**EXERCISE DIRECTIONS**:
Reproduce what is written in the records below exactly, and leave out the images.

Records from a data collection:

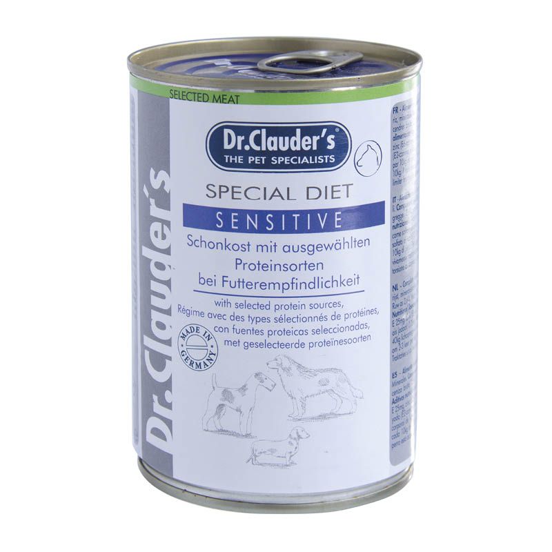 Dr. Clauder's Sensitive Schonkost mit ausgewählten Proteinsorten. Diese Schonkost wurde für Hunde mit Empfindlichkeit gegenüber bestimmten Futtermittelrohstoffen entwickelt. Anders als bei der üblichen Vollnahrung wurde nur je eine Quelle für tierisches und pflanzliches Eiweiß gewählt. Lamm und Reis haben sich bei Futterempfindlichkeit bewährt. Auf die Zugabe von Schwein, Rind und Weizen wurde aus diesem Grund verzichtet. Hunde mit akuten Problemen sollten dem Tierarzt vorgestellt werden.
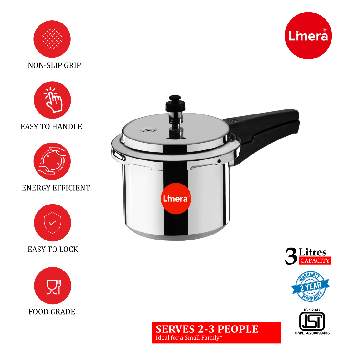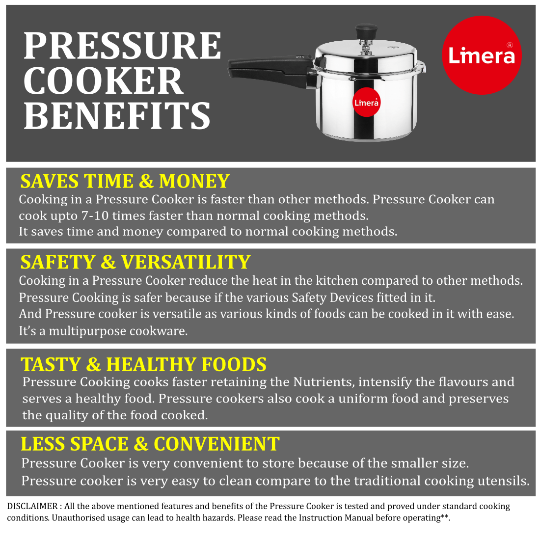 Checkout the awesome collection of Premium Quality culinary products from the House of Limera. Limera Ixora is a Premium Quality Pressure Cooker made from Virgin Aluminium material. Virgin Aluminium makes this Pressure Cooker sturdy and strong and provides longer life to the product. This Pressure Cooker is Gas and Induction compatible. This Cooker enables you to cook delicious dishes in a smarter way with higher energy efficiency and safety.
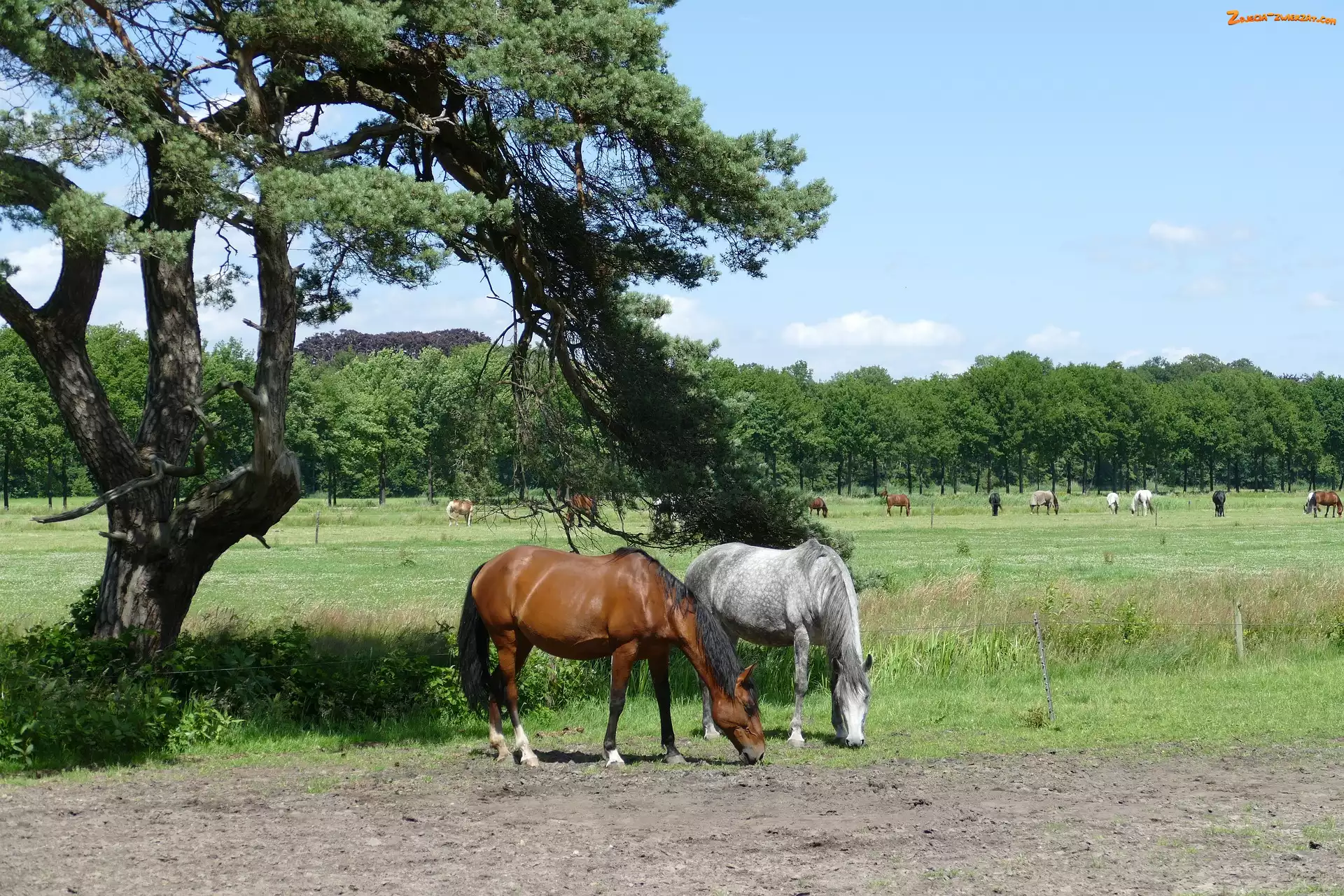Zdjęcie: Drzewo, Konie, Pastwisko
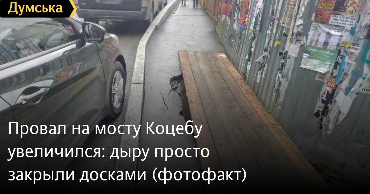 Провал на недавно отремонтированном мосту Коцебу заметно увеличился и занял почти всю ширину тротуара.
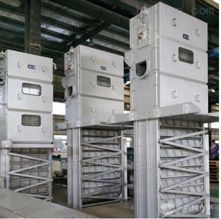 内进流式孔板格栅除污机主要由驱动装置、机架、牵引链条、带提升阶梯的网板、冲洗系统及电气控制柜等主要部件组成。机架安装于格栅渠的中央,机架两侧与格栅渠之间的间隙为格栅滤后出水的通道。在机架的迎水端两侧与渠壁间布置了导流挡板,其在导流的同时,可防止污水短流由滤前直接进入滤后。机架下部迎水端开有一个进水洞口,其对侧为封闭端。污水由进水洞口流入机内后经两侧网板流出,并经两侧出水通道汇入机后渠道中。驱动电机安装在机架正向的输出轴上,两侧网板在传动链条的带动下,自下而上将其长度范围内截留的污物向上提取,抵达上部时,通过链轮的转向功能,在顶置的冲洗装置的冲洗水作用下,自动完成卸污工作,渣水排入两侧网板之间的集渣槽后自流排出机外。

**PROBLEM SOLUTION**:
 Dr. Clauder's Sensitive Schonkost mit ausgewählten Proteinsorten. Diese Schonkost wurde für Hunde mit Empfindlichkeit gegenüber bestimmten Futtermittelrohstoffen entwickelt. Anders als bei der üblichen Vollnahrung wurde nur je eine Quelle für tierisches und pflanzliches Eiweiß gewählt. Lamm und Reis haben sich bei Futterempfindlichkeit bewährt. Auf die Zugabe von Schwein, Rind und Weizen wurde aus diesem Grund verzichtet. Hunde mit akuten Problemen sollten dem Tierarzt vorgestellt werden.
 Checkout the awesome collection of Premium Quality culinary products from the House of Limera. Limera Ixora is a Premium Quality Pressure Cooker made from Virgin Aluminium material. Virgin Aluminium makes this Pressure Cooker sturdy and strong and provides longer life to the product. This Pressure Cooker is Gas and Induction compatible. This Cooker enables you to cook delicious dishes in a smarter way with higher energy efficiency and safety.
Zdjęcie: Drzewo, Konie, Pastwisko
 Провал на недавно отремонтированном мосту Коцебу заметно увеличился и занял почти всю ширину тротуара.
 内进流式孔板格栅除污机主要由驱动装置、机架、牵引链条、带提升阶梯的网板、冲洗系统及电气控制柜等主要部件组成。机架安装于格栅渠的中央,机架两侧与格栅渠之间的间隙为格栅滤后出水的通道。在机架的迎水端两侧与渠壁间布置了导流挡板,其在导流的同时,可防止污水短流由滤前直接进入滤后。机架下部迎水端开有一个进水洞口,其对侧为封闭端。污水由进水洞口流入机内后经两侧网板流出,并经两侧出水通道汇入机后渠道中。驱动电机安装在机架正向的输出轴上,两侧网板在传动链条的带动下,自下而上将其长度范围内截留的污物向上提取,抵达上部时,通过链轮的转向功能,在顶置的冲洗装置的冲洗水作用下,自动完成卸污工作,渣水排入两侧网板之间的集渣槽后自流排出机外。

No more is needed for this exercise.